> [Problem to work on]:
In the data below, find the line with "14 tracks, mostly" and the line with "Equipes da Divisão", then restate both and every line between them exactly, minus the pictures.

-- Material shown follows --

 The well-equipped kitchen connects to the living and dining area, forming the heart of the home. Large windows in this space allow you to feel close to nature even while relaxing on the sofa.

-- Material shown concluded --
-- Material shown follows --

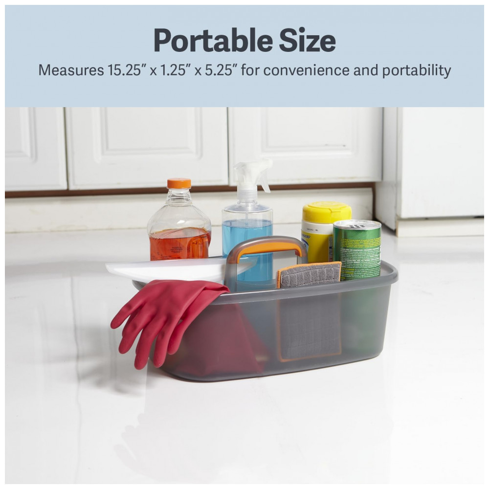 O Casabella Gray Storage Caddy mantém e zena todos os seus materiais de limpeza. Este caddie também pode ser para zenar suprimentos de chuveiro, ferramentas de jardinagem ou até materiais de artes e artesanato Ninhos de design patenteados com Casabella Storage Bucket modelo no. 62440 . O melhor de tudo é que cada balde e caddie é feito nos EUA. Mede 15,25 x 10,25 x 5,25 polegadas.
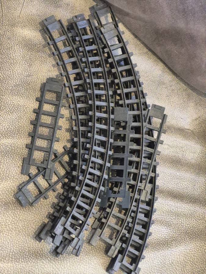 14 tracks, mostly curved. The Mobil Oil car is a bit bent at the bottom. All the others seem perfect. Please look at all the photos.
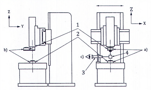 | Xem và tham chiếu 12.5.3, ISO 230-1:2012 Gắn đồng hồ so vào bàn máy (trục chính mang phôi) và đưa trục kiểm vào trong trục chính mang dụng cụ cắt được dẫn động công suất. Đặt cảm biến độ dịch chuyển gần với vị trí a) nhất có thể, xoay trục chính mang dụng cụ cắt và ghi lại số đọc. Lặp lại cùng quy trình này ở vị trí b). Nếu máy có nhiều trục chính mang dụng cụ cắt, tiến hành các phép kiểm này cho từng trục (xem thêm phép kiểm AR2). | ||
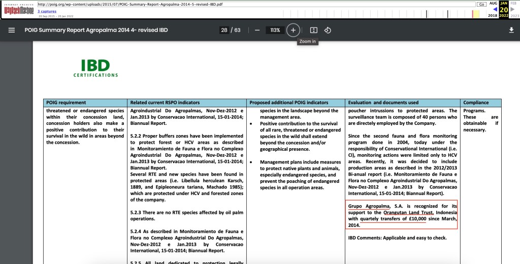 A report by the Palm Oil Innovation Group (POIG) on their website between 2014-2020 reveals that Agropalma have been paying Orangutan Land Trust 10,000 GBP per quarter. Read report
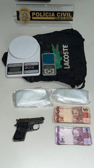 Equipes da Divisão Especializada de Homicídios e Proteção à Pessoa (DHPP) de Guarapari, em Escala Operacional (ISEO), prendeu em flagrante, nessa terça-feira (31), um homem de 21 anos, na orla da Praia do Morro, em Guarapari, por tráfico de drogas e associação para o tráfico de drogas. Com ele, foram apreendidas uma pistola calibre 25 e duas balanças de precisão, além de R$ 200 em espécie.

-- Material shown concluded --

> [Reply to the task]:
 14 tracks, mostly curved. The Mobil Oil car is a bit bent at the bottom. All the others seem perfect. Please look at all the photos.
 | Xem và tham chiếu 12.5.3, ISO 230-1:2012 Gắn đồng hồ so vào bàn máy (trục chính mang phôi) và đưa trục kiểm vào trong trục chính mang dụng cụ cắt được dẫn động công suất. Đặt cảm biến độ dịch chuyển gần với vị trí a) nhất có thể, xoay trục chính mang dụng cụ cắt và ghi lại số đọc. Lặp lại cùng quy trình này ở vị trí b). Nếu máy có nhiều trục chính mang dụng cụ cắt, tiến hành các phép kiểm này cho từng trục (xem thêm phép kiểm AR2). | ||
 A report by the Palm Oil Innovation Group (POIG) on their website between 2014-2020 reveals that Agropalma have been paying Orangutan Land Trust 10,000 GBP per quarter. Read report
 Equipes da Divisão Especializada de Homicídios e Proteção à Pessoa (DHPP) de Guarapari, em Escala Operacional (ISEO), prendeu em flagrante, nessa terça-feira (31), um homem de 21 anos, na orla da Praia do Morro, em Guarapari, por tráfico de drogas e associação para o tráfico de drogas. Com ele, foram apreendidas uma pistola calibre 25 e duas balanças de precisão, além de R$ 200 em espécie.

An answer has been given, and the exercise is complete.